Reputation: 81
Rank beginner at ElasticSearch here.
I have a list of customers, and their orders as a nested field. Assuming a document structure like:
[
{ customerId: 123,
birthday: 1980-01-01,
orders: [
{
orderValue: 1500,
orderDate: 2018-12-18T12:18:12Z
},
[...]
]
},
[...]
}
What I'd like to query is: The list of users who ordered for a certain amount from between two dates. And I'd like to be able to combine that with a range query for, for example, birthday.
I've gotten to the point where I can get the sum ordered between two dates per subscriber using aggregations:
{
"size": 0,
"aggs": {
"foo": {
"nested": {
"path": "orders"
},
"aggs": {
"grouped_by_customerId": {
"terms": {
"field": "orders.customerId.keyword"
},
"aggs": {
"filtered_by_date": {
"filter": {
"range": {
"orders.orderDate": {
"from": "2018-01-28",
"to": null,
"include_lower": false,
"include_upper": true,
"format": "yyyy-MM-dd",
"boost": 1
}
}
},
"aggs": {
"sum": {
"sum": {
"field": "orders.orderValue"
}
}
}
}
}
}
}
}
}
}
However, I'd like to limit the results I get back in the Query part, to mix better with all our other filters.
My first thought was to have a script filter and pass the bounding dates and minimum value in as parameters, but then I'd have to iterate over a doc's nested documents, and that doesn't seem to work.
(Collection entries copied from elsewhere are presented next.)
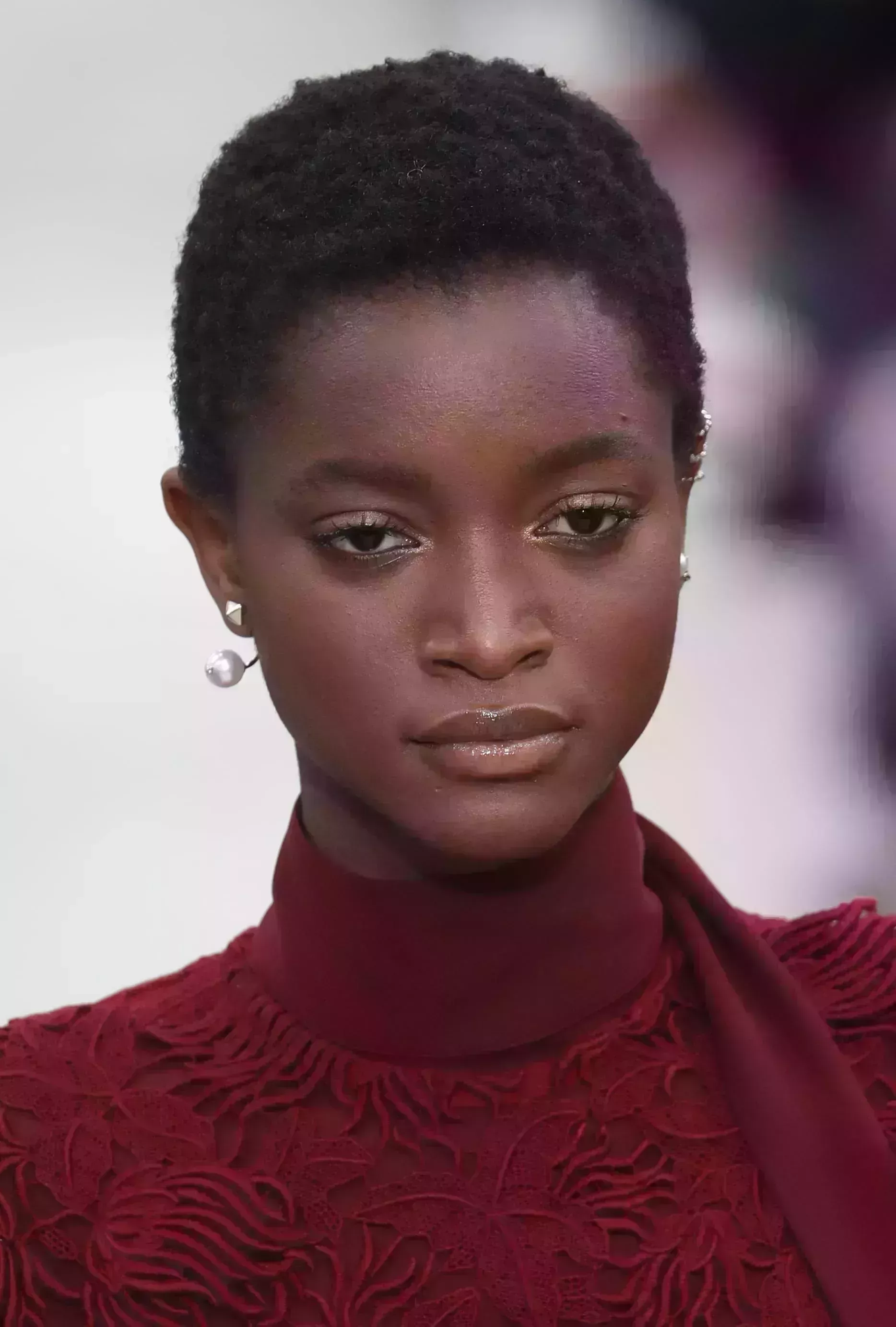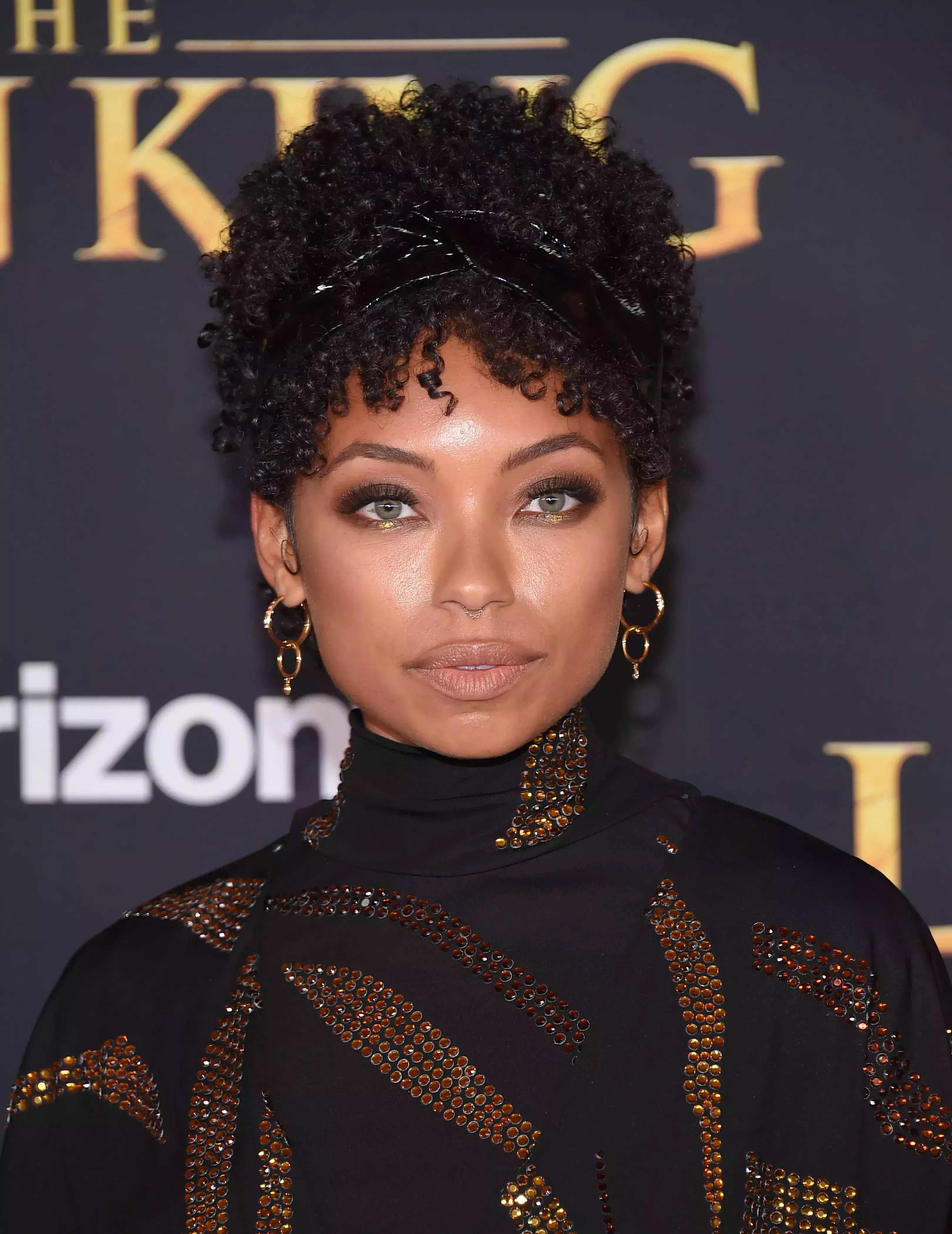 Browning nos muestra cómo lleva sus rizos naturales cortos a la alfombra roja. Recogido en forma de colmena y rematado con una diadema, su pelo parece listo para la fiesta.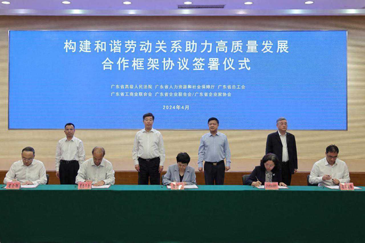南都讯记者赵青通讯员陈康秀陈慧峰4月3日,在广东省高级人民法院党组书记、院长张海波,省人力资源和社会保障厅党组成员、副厅长、一级巡视员杨红山,省总工会一级巡视员张振飚,省工商业联合会党组成员、专职副主席冯日光,省企业联合会会长唐军的共同见证下,五家单位联合签署工作意见(以下简称《意见》),共同推动构建更广覆盖、更全方位、更多层次的和谐劳动关系新机制。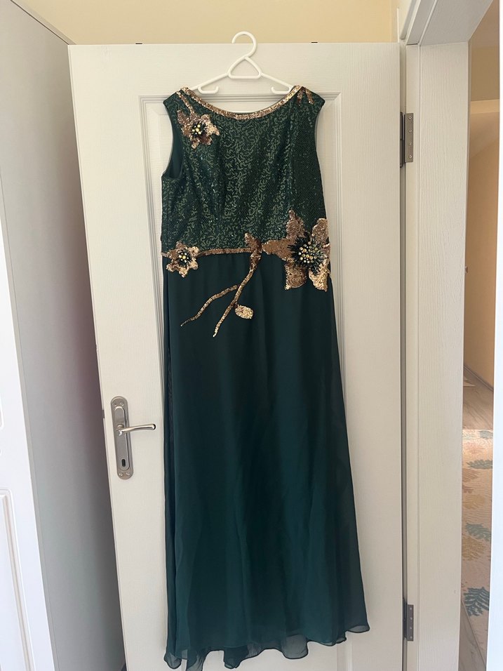 Saten görünümlü yeşil kumaş üzerine parlak işlemeli çiçek detaylarıyla, drapeli uzun abiye elbise.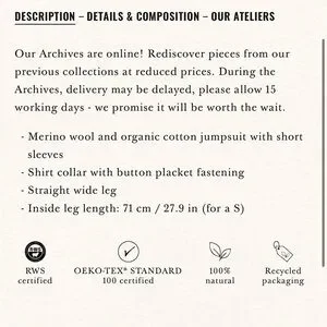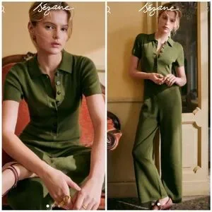 Chic olive green jumpsuit by Sezane. Features short sleeves and button-up front. Perfect for stylish comfort.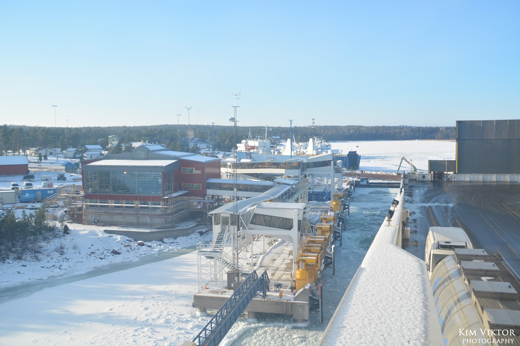 Lite lustigt att de lyckas bygga en landgång som passar till Finnlines färjor, men inte i Kapellskär. Inne i landgången finns också fortfarande skyltar för Galaxy kvar. Till vänster syns den nya stora terminalen de håller på att bygga för att underlätta för dagskryssarna.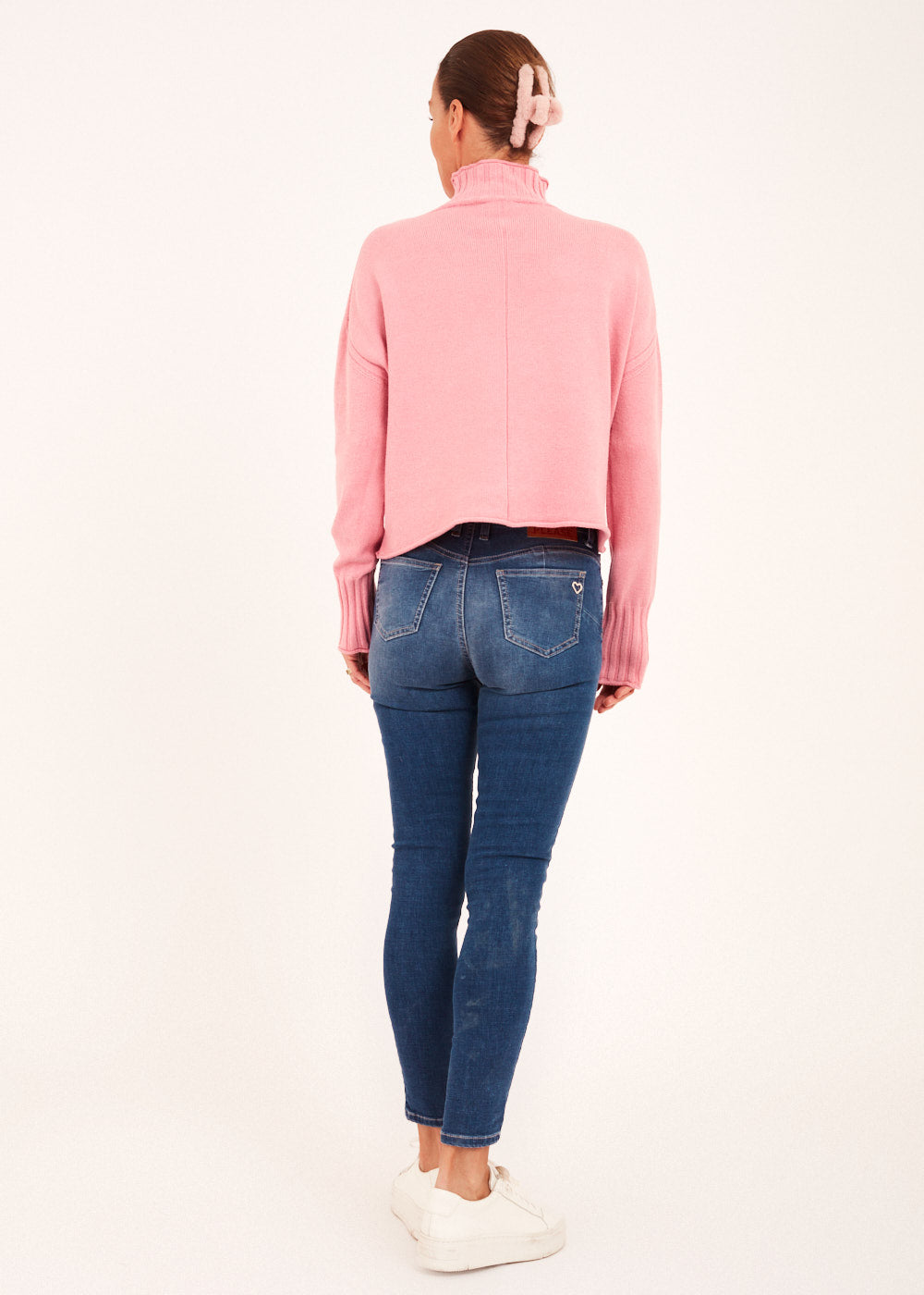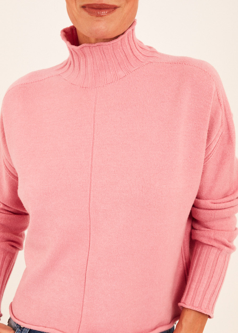 Stehkragenpullover – ein Trendsetter für selbstbewusste Fashion-Liebhaberinnen. Dieser Pullover in einem zarten Rosa ist nicht nur ein Blickfang, sondern auch ein Statement für Stil und Individualität.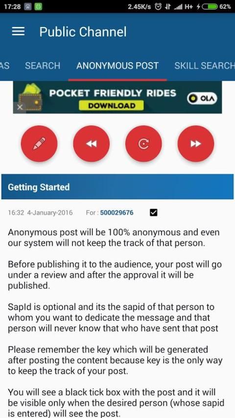 In this app you can post anonymously, and also update your skill profile. Skill search is a feature of searching students on the basis of their skills or talent. You can link your account with Facebook.

Is that last idea possible, and if so, how?
Thanks!
Upvotes: 3
Views: 2435
Reputation: 81
Finally solved this myself, using a Function Score query as follows:
{
"query": {
"bool": {
"must": [
{
"function_score": {
"min_score": 1,
"query": {
"nested": {
"path": "orders",
"ignore_unmapped": false,
"score_mode": "min",
"boost": 1,
"query": {
"range": {
"orders.orderDate": {
"from": "2018-12-10",
"to": null,
"include_lower": true,
"include_upper": true,
"format": "yyyy-MM-dd",
"boost": 1
}
}
}
}
},
"functions": [
{
"filter": {
"match_all": {}
},
"script_score": {
"script": {
"source": "ArrayList x = params['_source']['orders'];if (x == null) { return 0 }long result = x.stream().filter(order -> { if(params.startDate != null && !ZonedDateTime.parse(order.orderDate).isAfter(ZonedDateTime.parse(params.startDate))) return false; return true}).mapToLong(order->Long.parseLong(order.orderValue)).sum();if(params.operator == 'GT') return result > params.totalOrderValue ? 2 : 0;else if (params.operator == 'GE') return result >= params.totalOrderValue ? 3 : 0;else if (params.operator == 'LE') return result <= params.totalOrderValue ? 4 : 0;else if(params.operator == 'LT') return result < params.totalOrderValue ? 5 : 0;return result == params.totalOrderValue ? 6 : 0",
"lang": "painless",
"params": {
"totalOrderValue": 120,
"operator": "GE",
"startDate": "2012-12-10T23:00:00.000Z"
}
}
}
}
],
"score_mode": "multiply",
"max_boost": 3.4028235e+38,
"boost": 1
}
}
],
"adjust_pure_negative": true,
"boost": 1
}
}
}
The actual scores this produces are debugging output to test the operator, but a min_score of 1 means any of them match. Using _source is quite slow.
Without a query in the function_score it works, but takes 20 seconds or so to muddle through 3 million records. With the query, you only look at customers with orders that actually match the date range.
Since the painless script processes the entire list of orders, it has to redo the date math. Some optimization to do there, but at least I have a Proof of Concept.
I've seen this question before without a satisfactory answer, so hopefully someone finds this useful.
Upvotes: 5